*ABOUT THIS TASK:*
Going down the data below, set down exactly the line with "近日有多名網(wǎng)友反" and each line after it through the line with "Mapa de cantidad"; no other lines.

*DATA:*
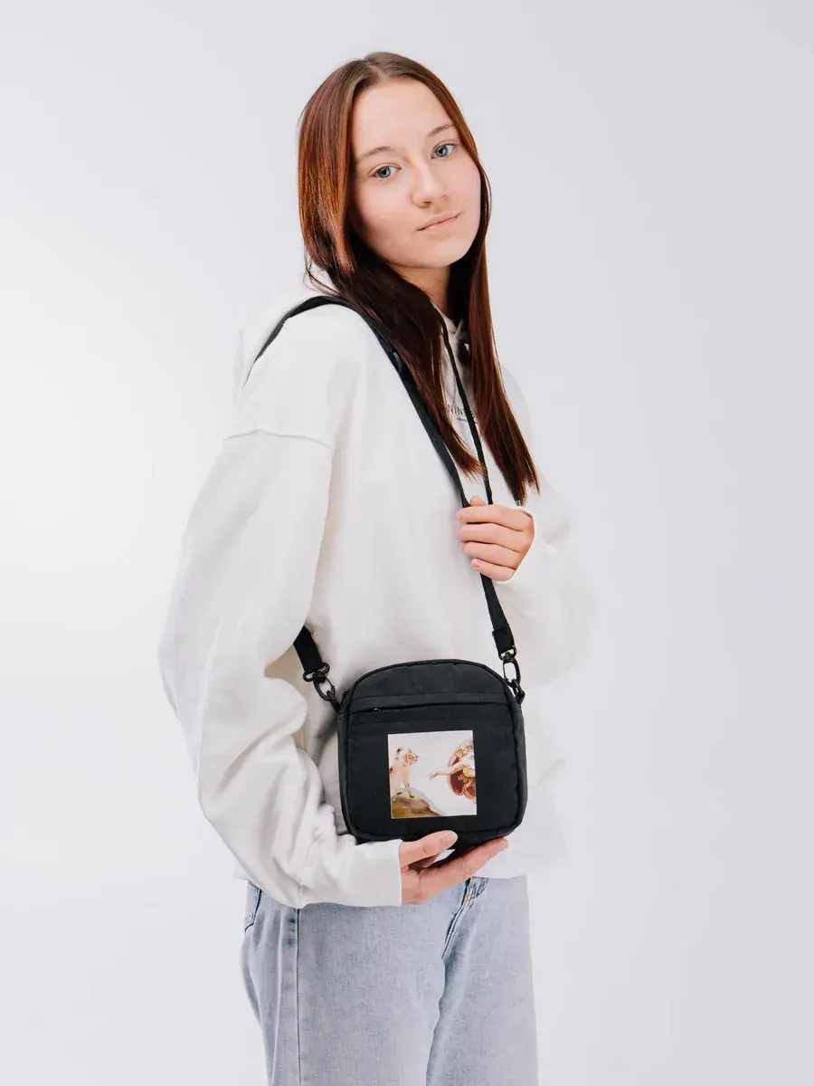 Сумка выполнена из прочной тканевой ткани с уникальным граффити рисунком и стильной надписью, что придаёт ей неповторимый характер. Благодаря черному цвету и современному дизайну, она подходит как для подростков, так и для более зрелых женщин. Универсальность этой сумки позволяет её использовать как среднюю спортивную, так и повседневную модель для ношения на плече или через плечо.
* * *
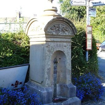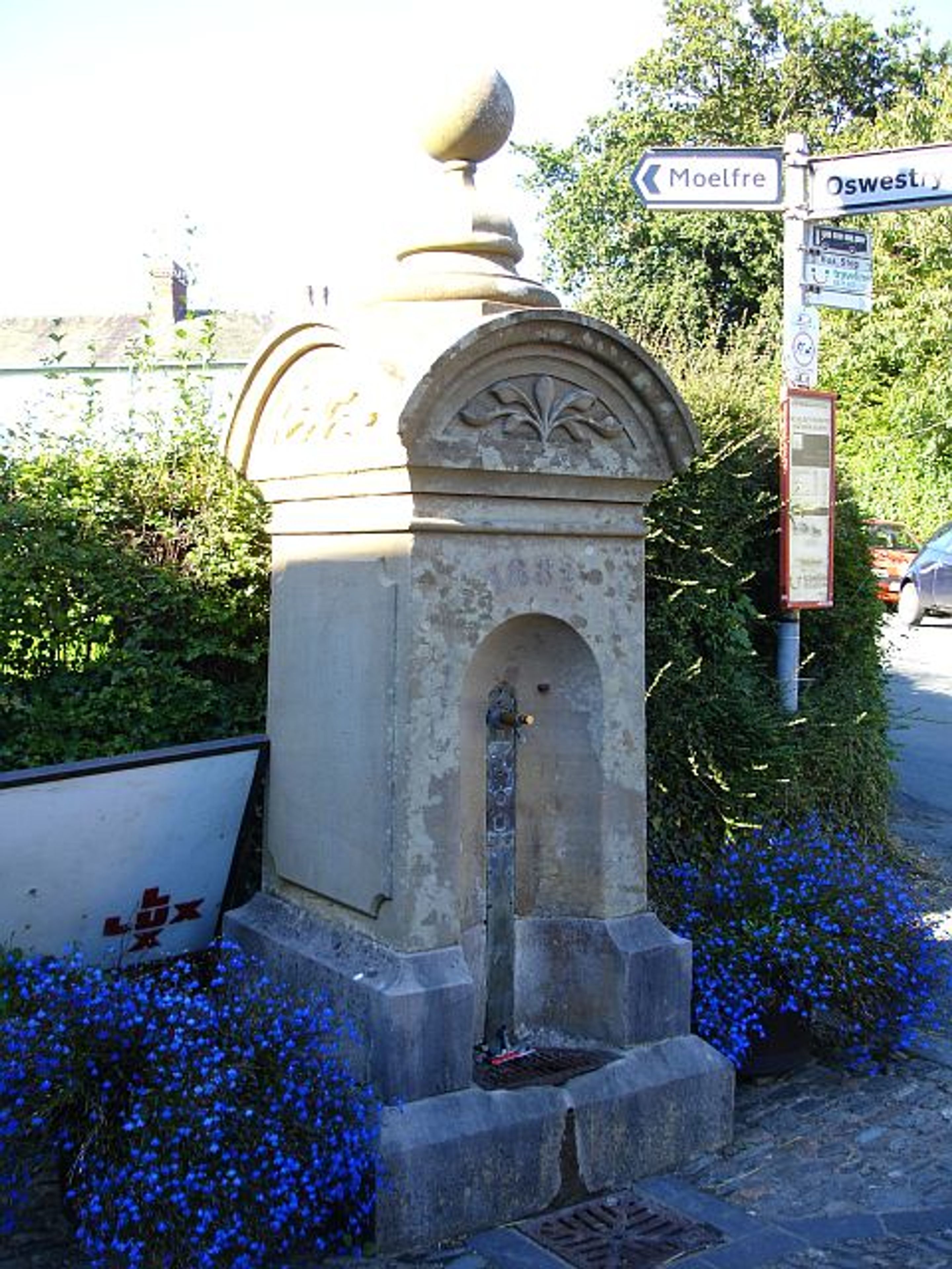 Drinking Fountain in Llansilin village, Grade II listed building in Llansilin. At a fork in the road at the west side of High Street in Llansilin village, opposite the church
==
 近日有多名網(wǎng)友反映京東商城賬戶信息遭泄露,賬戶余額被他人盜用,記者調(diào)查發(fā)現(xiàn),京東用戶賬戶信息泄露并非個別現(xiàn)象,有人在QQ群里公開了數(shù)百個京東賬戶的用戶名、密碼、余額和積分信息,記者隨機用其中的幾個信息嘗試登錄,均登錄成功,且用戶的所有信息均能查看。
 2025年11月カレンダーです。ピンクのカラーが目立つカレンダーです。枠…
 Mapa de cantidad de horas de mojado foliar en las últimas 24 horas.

*ANSWER FOR THE TASK:*
 近日有多名網(wǎng)友反映京東商城賬戶信息遭泄露,賬戶余額被他人盜用,記者調(diào)查發(fā)現(xiàn),京東用戶賬戶信息泄露并非個別現(xiàn)象,有人在QQ群里公開了數(shù)百個京東賬戶的用戶名、密碼、余額和積分信息,記者隨機用其中的幾個信息嘗試登錄,均登錄成功,且用戶的所有信息均能查看。
 2025年11月カレンダーです。ピンクのカラーが目立つカレンダーです。枠…
 Mapa de cantidad de horas de mojado foliar en las últimas 24 horas.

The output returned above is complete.